* _What you are asked to do_: Transcribe the records below exactly, leaving out any pictures.

[Data excerpts]
--- --- ---

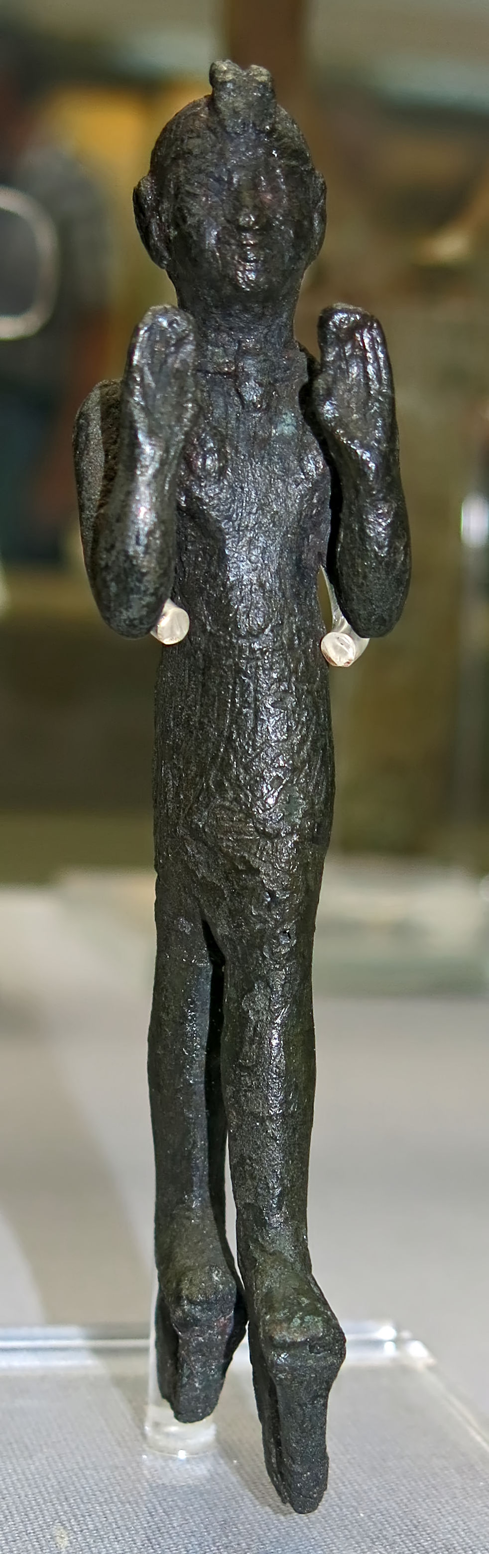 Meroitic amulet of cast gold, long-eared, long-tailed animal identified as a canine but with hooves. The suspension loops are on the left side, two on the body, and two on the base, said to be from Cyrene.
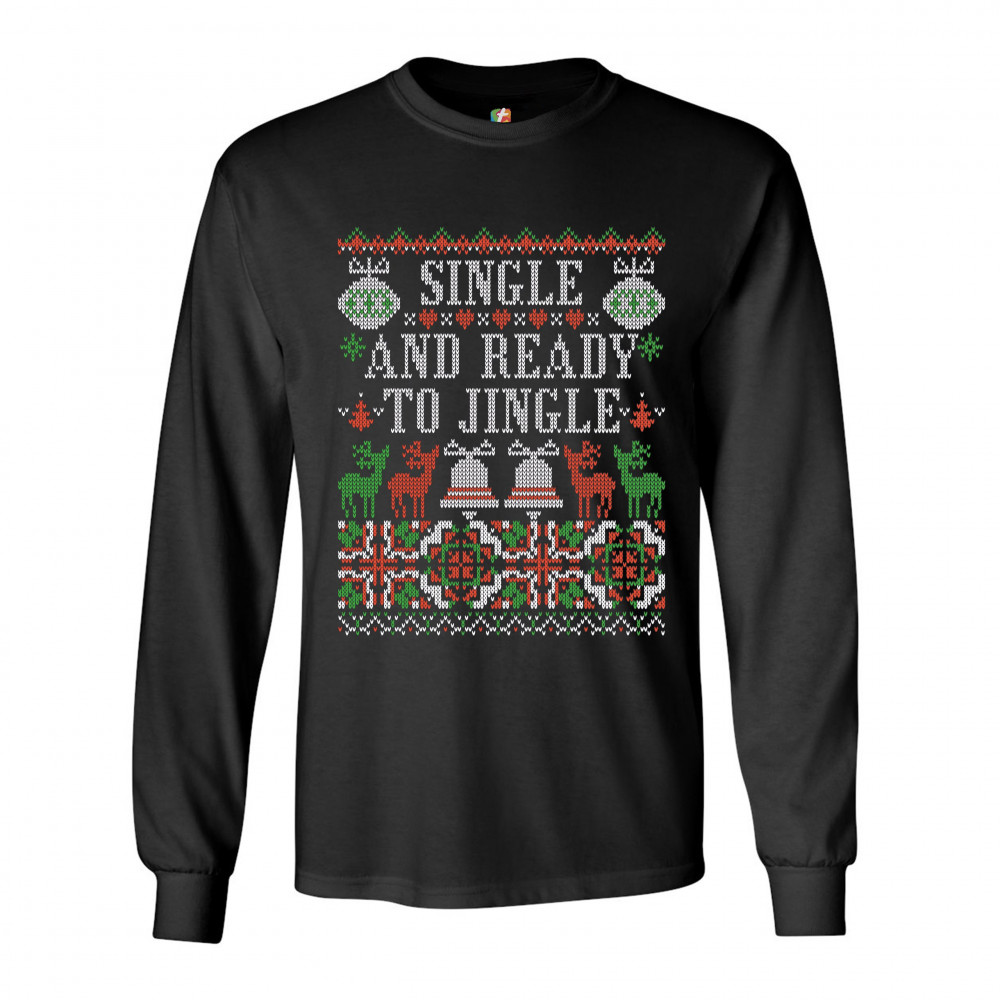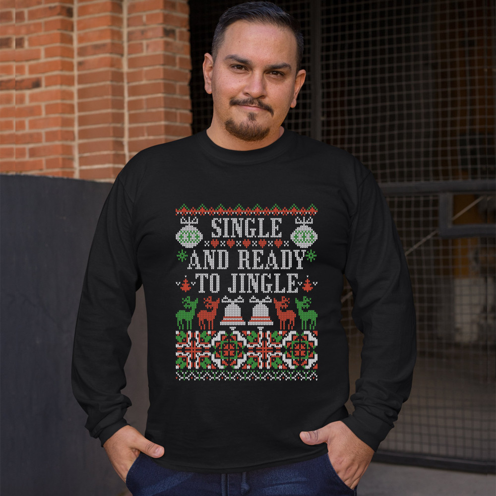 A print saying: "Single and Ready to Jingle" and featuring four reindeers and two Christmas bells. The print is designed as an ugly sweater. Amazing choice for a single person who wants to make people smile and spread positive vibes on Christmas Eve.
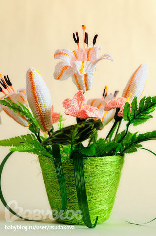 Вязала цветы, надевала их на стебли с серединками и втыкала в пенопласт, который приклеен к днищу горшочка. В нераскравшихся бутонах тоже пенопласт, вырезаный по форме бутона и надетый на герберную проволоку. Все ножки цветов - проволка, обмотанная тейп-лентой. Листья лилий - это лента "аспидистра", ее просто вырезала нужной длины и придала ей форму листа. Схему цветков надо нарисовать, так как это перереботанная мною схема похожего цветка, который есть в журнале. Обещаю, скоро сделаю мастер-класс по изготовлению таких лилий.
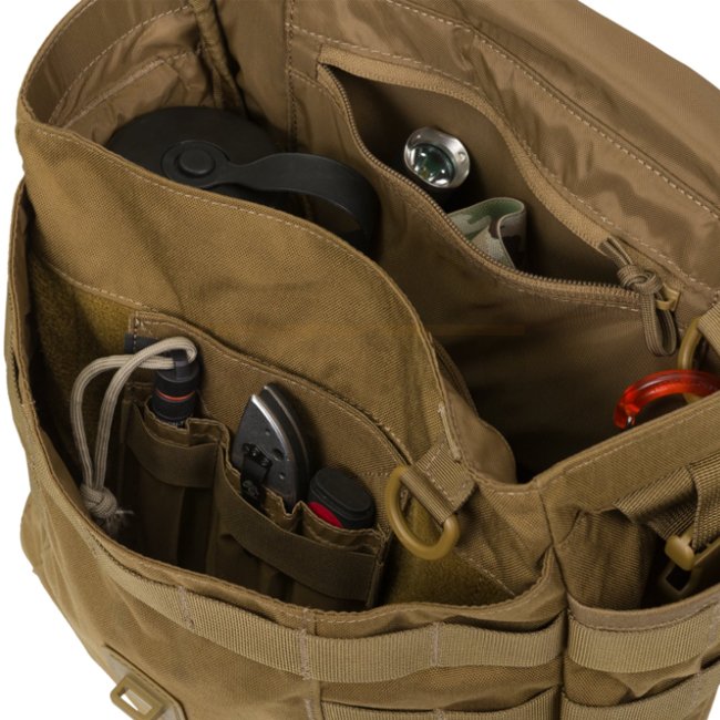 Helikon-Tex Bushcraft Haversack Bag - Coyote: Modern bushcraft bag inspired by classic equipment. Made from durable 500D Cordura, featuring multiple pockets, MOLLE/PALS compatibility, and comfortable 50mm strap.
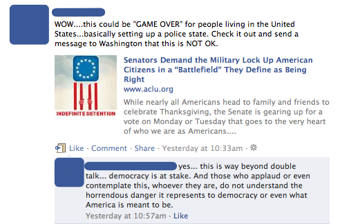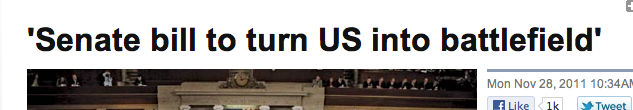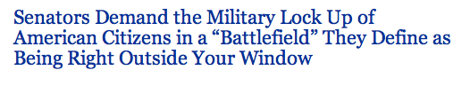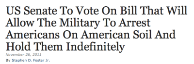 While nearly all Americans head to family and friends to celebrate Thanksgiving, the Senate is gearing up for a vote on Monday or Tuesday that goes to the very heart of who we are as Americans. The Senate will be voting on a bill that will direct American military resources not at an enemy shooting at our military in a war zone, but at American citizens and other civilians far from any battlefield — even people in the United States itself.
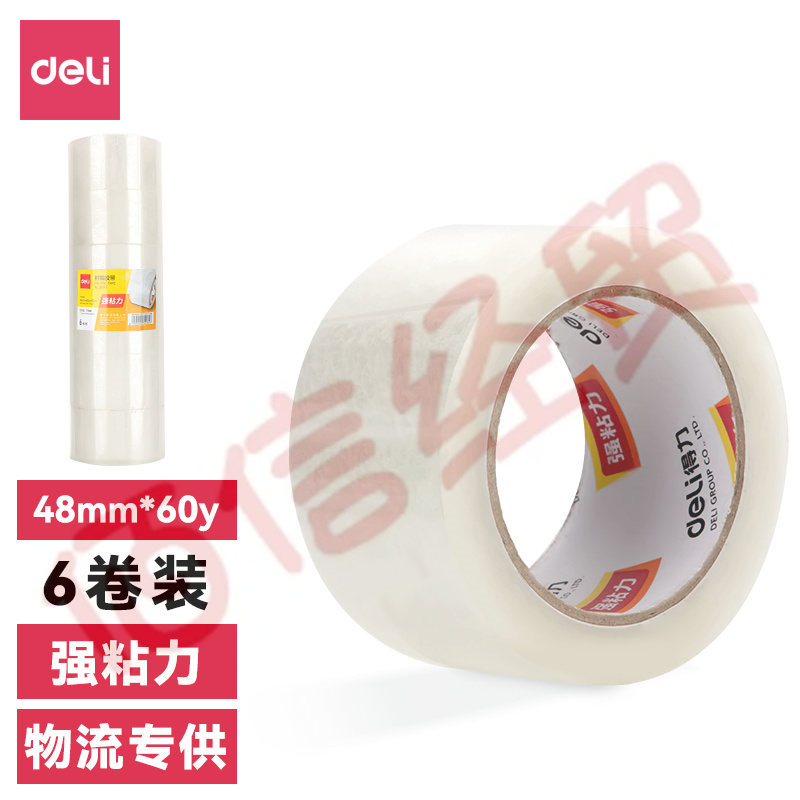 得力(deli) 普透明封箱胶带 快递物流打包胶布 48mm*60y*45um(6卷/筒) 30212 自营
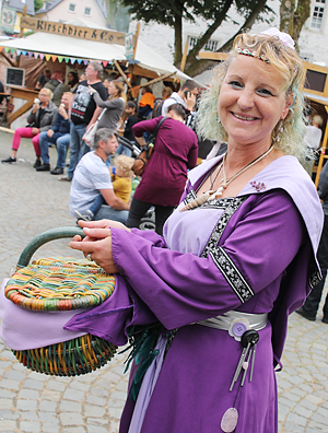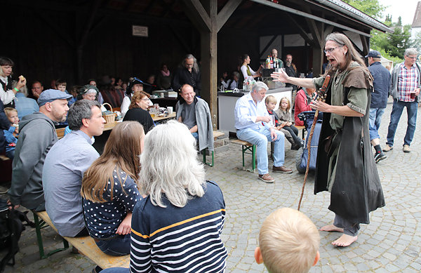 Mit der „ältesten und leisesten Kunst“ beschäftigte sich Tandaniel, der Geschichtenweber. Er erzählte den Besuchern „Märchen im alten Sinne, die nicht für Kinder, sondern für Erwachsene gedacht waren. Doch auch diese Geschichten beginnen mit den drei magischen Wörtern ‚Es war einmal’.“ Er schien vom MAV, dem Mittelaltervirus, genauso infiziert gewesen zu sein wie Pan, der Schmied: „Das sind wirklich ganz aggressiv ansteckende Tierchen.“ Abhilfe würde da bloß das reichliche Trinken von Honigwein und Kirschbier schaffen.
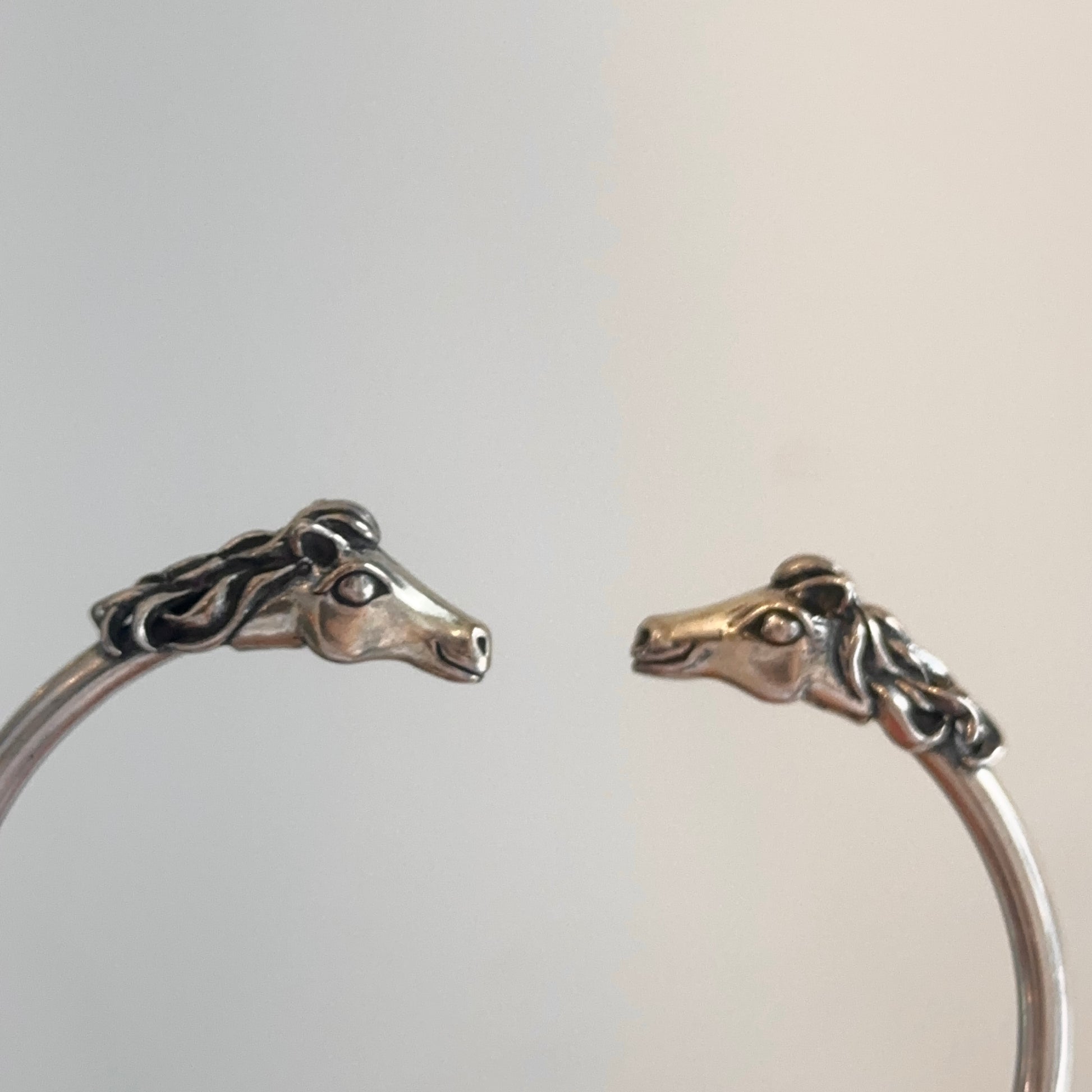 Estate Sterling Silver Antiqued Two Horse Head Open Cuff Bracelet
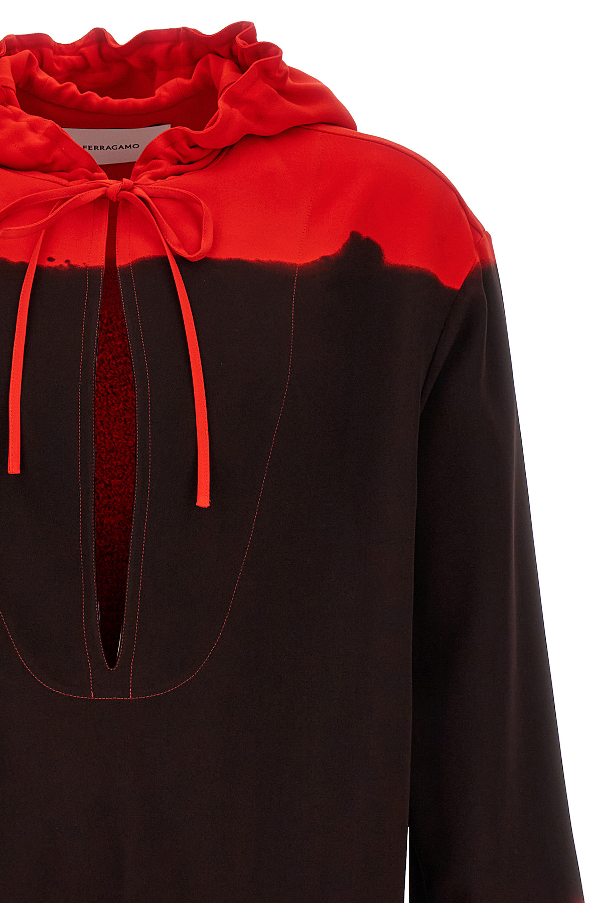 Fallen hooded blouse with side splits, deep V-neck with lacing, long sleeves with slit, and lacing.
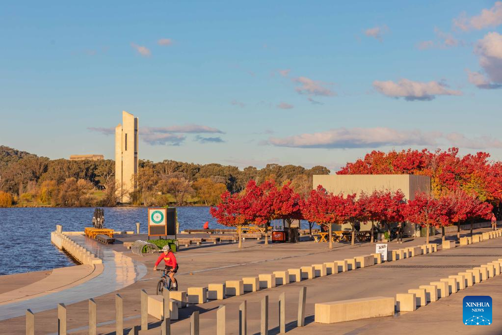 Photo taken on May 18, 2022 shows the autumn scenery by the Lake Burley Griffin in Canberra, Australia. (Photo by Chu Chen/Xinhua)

--- --- ---

* _Exercise solution_:
 Meroitic amulet of cast gold, long-eared, long-tailed animal identified as a canine but with hooves. The suspension loops are on the left side, two on the body, and two on the base, said to be from Cyrene.
 A print saying: "Single and Ready to Jingle" and featuring four reindeers and two Christmas bells. The print is designed as an ugly sweater. Amazing choice for a single person who wants to make people smile and spread positive vibes on Christmas Eve.
 Вязала цветы, надевала их на стебли с серединками и втыкала в пенопласт, который приклеен к днищу горшочка. В нераскравшихся бутонах тоже пенопласт, вырезаный по форме бутона и надетый на герберную проволоку. Все ножки цветов - проволка, обмотанная тейп-лентой. Листья лилий - это лента "аспидистра", ее просто вырезала нужной длины и придала ей форму листа. Схему цветков надо нарисовать, так как это перереботанная мною схема похожего цветка, который есть в журнале. Обещаю, скоро сделаю мастер-класс по изготовлению таких лилий.
 Helikon-Tex Bushcraft Haversack Bag - Coyote: Modern bushcraft bag inspired by classic equipment. Made from durable 500D Cordura, featuring multiple pockets, MOLLE/PALS compatibility, and comfortable 50mm strap.
 While nearly all Americans head to family and friends to celebrate Thanksgiving, the Senate is gearing up for a vote on Monday or Tuesday that goes to the very heart of who we are as Americans. The Senate will be voting on a bill that will direct American military resources not at an enemy shooting at our military in a war zone, but at American citizens and other civilians far from any battlefield — even people in the United States itself.
 得力(deli) 普透明封箱胶带 快递物流打包胶布 48mm*60y*45um(6卷/筒) 30212 自营
 Mit der „ältesten und leisesten Kunst“ beschäftigte sich Tandaniel, der Geschichtenweber. Er erzählte den Besuchern „Märchen im alten Sinne, die nicht für Kinder, sondern für Erwachsene gedacht waren. Doch auch diese Geschichten beginnen mit den drei magischen Wörtern ‚Es war einmal’.“ Er schien vom MAV, dem Mittelaltervirus, genauso infiziert gewesen zu sein wie Pan, der Schmied: „Das sind wirklich ganz aggressiv ansteckende Tierchen.“ Abhilfe würde da bloß das reichliche Trinken von Honigwein und Kirschbier schaffen.
 Estate Sterling Silver Antiqued Two Horse Head Open Cuff Bracelet
 Fallen hooded blouse with side splits, deep V-neck with lacing, long sleeves with slit, and lacing.
 Photo taken on May 18, 2022 shows the autumn scenery by the Lake Burley Griffin in Canberra, Australia. (Photo by Chu Chen/Xinhua)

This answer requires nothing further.